Непознаваемость не означает агностицизма или отказа от Бого-познания. Тем не менее это познание всегда идет путем, основная цель которого — не знание, но единение, обожение. Потому что это вовсе не абстрактное богословие, оперирующее понятиями, но богословие созерцательное, возвышающее ум к реальностям "умопревосходящим". Поэтому догматы Церкви часто представляются нашему рассудку антиномиями, которые тем неразрешимее, чем возвышеннее тайна, которую они выражают. Задача состоит не в устранении антиномии путем приспособления догмата к нашему пониманию, но в изменении нашего ума для того, чтобы мы могли прийти к созерцанию Бого-открывающейся реальности, восходя к Богу и соединяясь с Ним в большей или меньшей мере.

Вершина Откровения есть догмат о Пресвятой Троице, догмат "преимущественно" антиномичный. Для того, чтобы созерцать эту извечную реальность во всей ее полноте, нужно достичь предназначенной нам цели, нужно дойти до состояния обожения, ибо, по слову святого Григория Богослова, "будут сонаследниками совершенного света и созерцания Пресвятой и Владычной Троицы... те, которые совершенно соединятся с совершенным Духом, и это будет, как я думаю, Царство Небесное" [52]. Апофатический путь приводит не к отсутствию и не к абсолютной пустоте, ибо непознаваемый Бог христиан — не безличный "бог" философов. Ведь Святой Троице "Пресущественной, Пребожественной и Преблагой" [53]предает себя автор "Мистического богословия", вступая на путь, долженствующий привести ею к абсолютному присутствию и абсолютной полноте.

 

Глава III. БОГ-ТРОИЦА

 

Апофатизм, свойственный богомыслию Восточной Церкви, не тождествен безличностной мистике, опыту абсолютной Божественной внебытийности, в которой исчезают как человеческая личность, так и Божественное Лицо.

Предел, которого достигает апофатическое богословие, если только можно говорить о пределе и завершении там, где речь идет о восхождении к бесконечному, этот бесконечный предел не есть какая-то природа или сущность; это также и не лицо, это — нечто, одновременно превышающее всякое понятие природы и личности, это — Троица.

Святой Григорий Богослов, которого часто называют "певцом Пресвятой Троицы", говорит в своих богословских поэмах: "С тех пор, как, отрешившись от житейского, предал я душу светлым небесным помыслам, и высокий ум, восхитив меня отсюда, поставил меня далеко от плоти, скрыл меня в таинницах небесной скинии, осиял мои взоры светом Троицы, светозарнее Которой ничего не представляла мне мысль, Троицы, Которая с превознесенного престола изливает на всех общее и неизреченное сияние, Которая есть начало всего, что отделяется от превыспреннего временем, с тех пор я умер для мира, а мир умер для меня" [54]. Под конец своей жизни он выражает желание быть "там, где моя Троица в полном блеске Ее сияния... Троица, даже неясная тень Которой наполняет меня волнением" [55].

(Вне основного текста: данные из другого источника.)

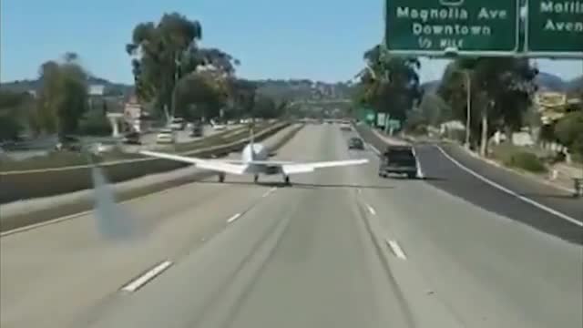 Очевидцы сняли на видео посадку самолета на шоссе в Калифорнии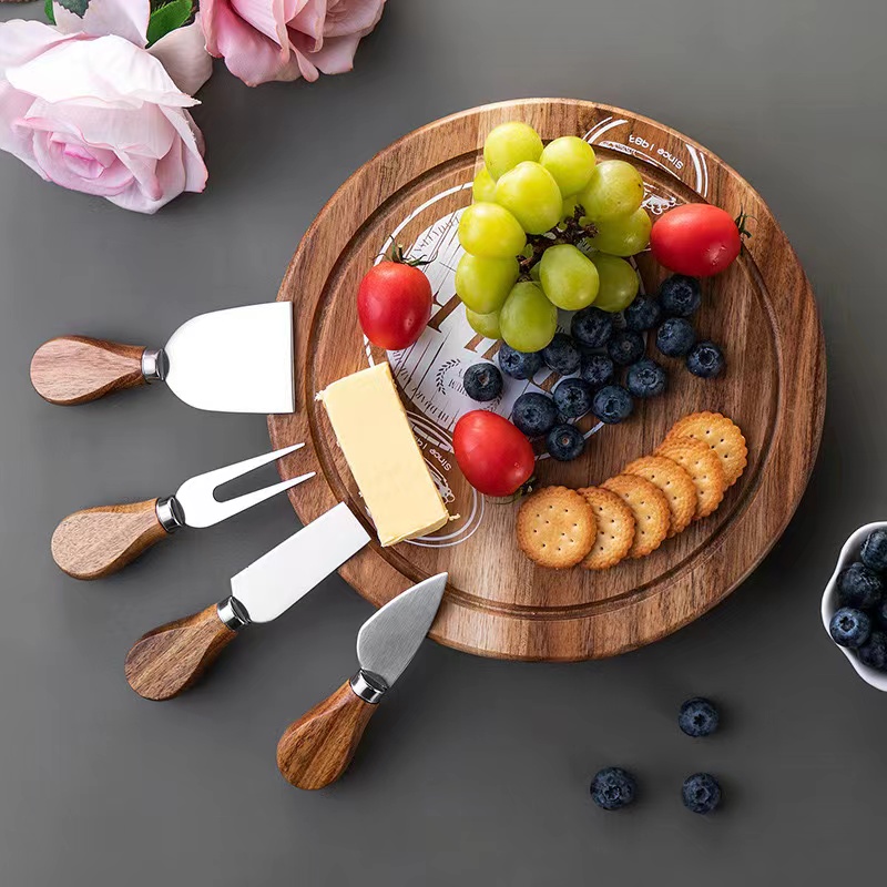 Round Bamboo wood Cheese Board with knife set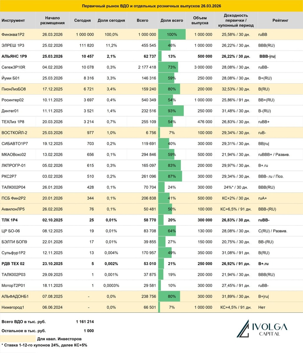 Итоги первичных размещений ВДО и некоторых розничных выпусков на 26 марта 2026 г.

Если само начало тварного бытия есть изменяемость, переход из небытия в бытие, если тварь по самой природе своей условна, то Троица есть абсолютная неизменяемость. Хотелось бы даже сказать: "абсолютная необходимость совершенного бытия", но идея необходимости неприложима к Троице, ибо Она — за пределами антиномии необходимого и случайного. Совершенно личностная и совершенно природная, в Ней свобода и необходимость — едины, или вернее они не могут иметь места в Боге. У Троицы — никакой зависимости от тварного: акт сотворения мира ни в чем не определяет того, что принято называть "вечное происхождение Божественных Лиц". Тварного могло бы и не быть, Бог и тогда был бы Троицей — Отцом, Сыном и Духом Святым, ибо сотворение есть акт воли, происхождение Лиц — акт природы (κατα φυσιν) [56]. В Боге — никакого внутреннего процесса, никакой диалектики трех Лиц, никакого становления, никакой трагедии в Абсолюте, для преодоления или разрешения которой потребовалось бы троическое развитие Божественного существа. Подобные вымыслы, свойственные романтическим теориям немецкой философии прошлого века, совершенно чужды догмату о Пресвятой Троице. Если мы и говорим о происхождении, о внутренних действиях или самоопределениях, эти выражения, предполагающие понятия времени, становления, намерения, только показывают, до какой степени наш язык и даже сама наша мысль бедны и недостаточны применительно к изначальной тайне Откровения. Мы снова принуждены обратиться к апофатическому богословию, чтобы освободиться от понятий, свойственных нашему мышлению, и будем превращать их только в точки опоры, с которых мы поднимались бы к созерцанию той Реальности, Которую не может вместить в себя тварный ум.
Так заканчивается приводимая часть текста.